花を手に性暴力撲滅を訴える「フラワーデモ」が11日、初開催から3年を迎えた。性犯罪に対する無罪判決が相次いだことをきっかけに、2019年に東京と大阪で始まり、その後、1年間で47都道府県に拡大した。
毎月11日前後に各地で行われ、被害者に寄り添う気持ちを表す花を持ち寄り、性暴力被害を語る場になっている。新型コロナウイルスの流行後も、静かに立つ「サイレントスタンディング」形式やオンラインで続けられてきた。
この日、熊本市の繁華街であったフラワーデモには男女約10人が集まり「性暴力を許さない」「性犯罪の不当な無罪判決に抗議します」と書かれたプラカードなどを掲げた。主催者の女性(55)は「社会が変わってきているのを実感する」と3年間を振り返った。
「あなたは悪くない」 連帯 被害者の希望に
心の中に長い間閉じ込めていた性被害が明かされると、拍手や肩に置かれた手が「あなたは悪くない」と包み込む―。3年前に始まったフラワーデモは今、性暴力被害者の希望だ。参加者らは「性暴力がなくなる日まで続いてほしい」と話す。
「被害者に対し『独りじゃない』、性被害を語ってもいいんだというメッセージになった」。2019年8月から沖縄県でフラワーデモを開く上野さやかさん(42)が、意義を語る。これまでのデモには、中学生の頃の被害を初めて語った70代の女性や、教師からの性暴力で娘が自死した母親が参加した。
米軍基地の兵士による性暴力を訴えてきた高里鈴代さん(81)も主催者の一人。「デモの存在自体に励まされる」という声を力にしてきた。一方で「被害者を取り巻く環境はまだまだ厳しい」と指摘。自身に落ち度があるかのように捜査機関から責められ、支援機関にアクセスしづらい状況は変わっていない。

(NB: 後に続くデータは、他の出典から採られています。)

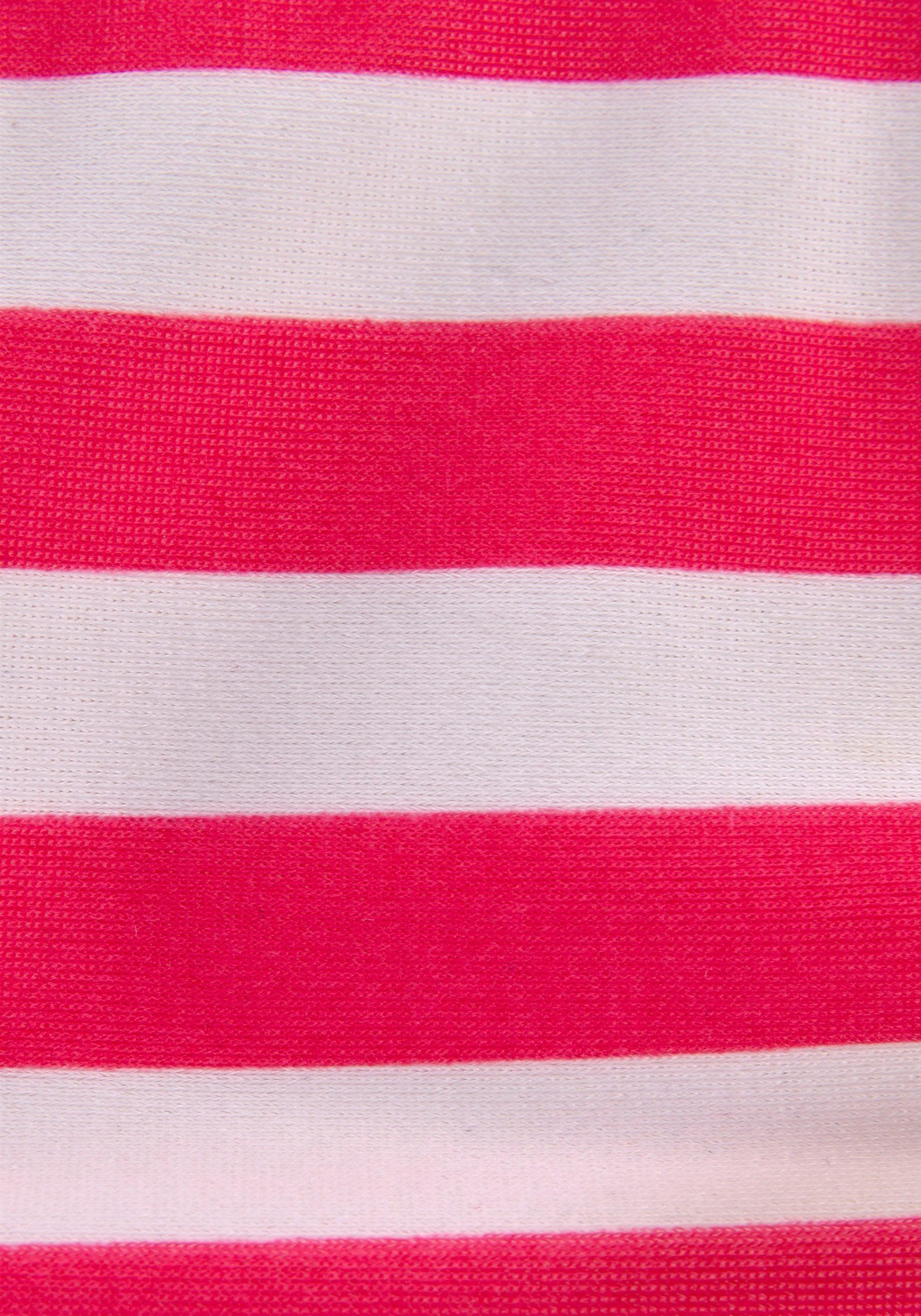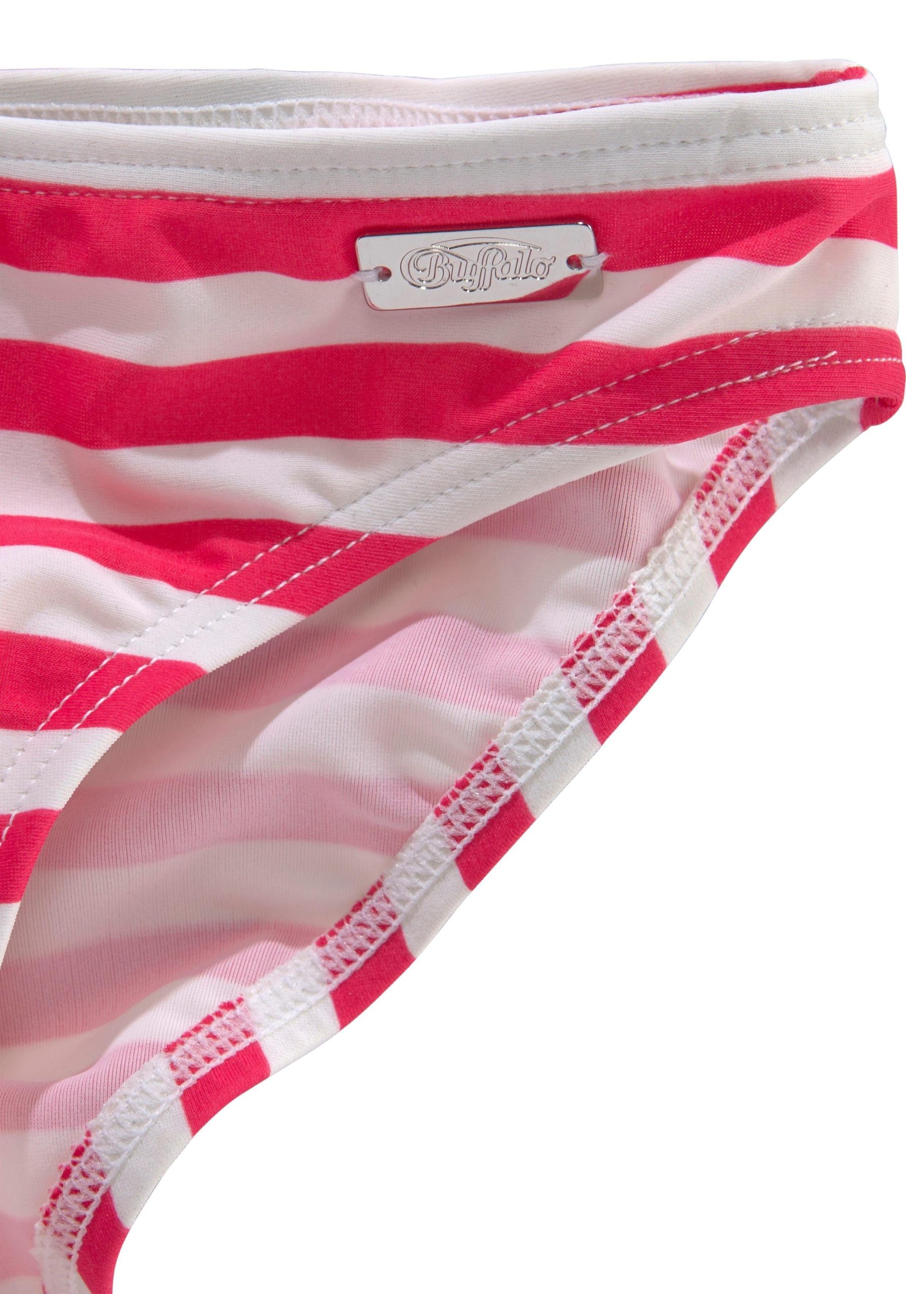 Embrace effortless style with this charming Buffalo Triangel Bikini. This playful bikini masterfully combines a solid-colored top adorned with whimsical roses with maritime stripes on the bottoms. A small metal emblem adds a cool accent to the briefs. The top closes with a clip closure at the back, allowing for easy adjustment of the neck straps to suit your preferences. The elastic, lined material promises a comfortable fit, making this Buffalo Triangel Bikini the perfect choice for fashionable beach days.

東京や横浜で10回ほど参加した30代の女性にとって、デモは「性暴力に怒ってもいいと思わせてくれる場所だ」。
初めて参加したのは2年前の冬。鍼灸(しんきゅう)院の男性施術師から無断で下着を外された被害を語った。参加者は聞き入り、主催者は助言をくれた。対照的に交流サイト(SNS)で被害を明かした際は、被害を軽んじられ賠償金目当てとやゆされた。「訴えに耳を傾ける社会に変わってほしい」と願う。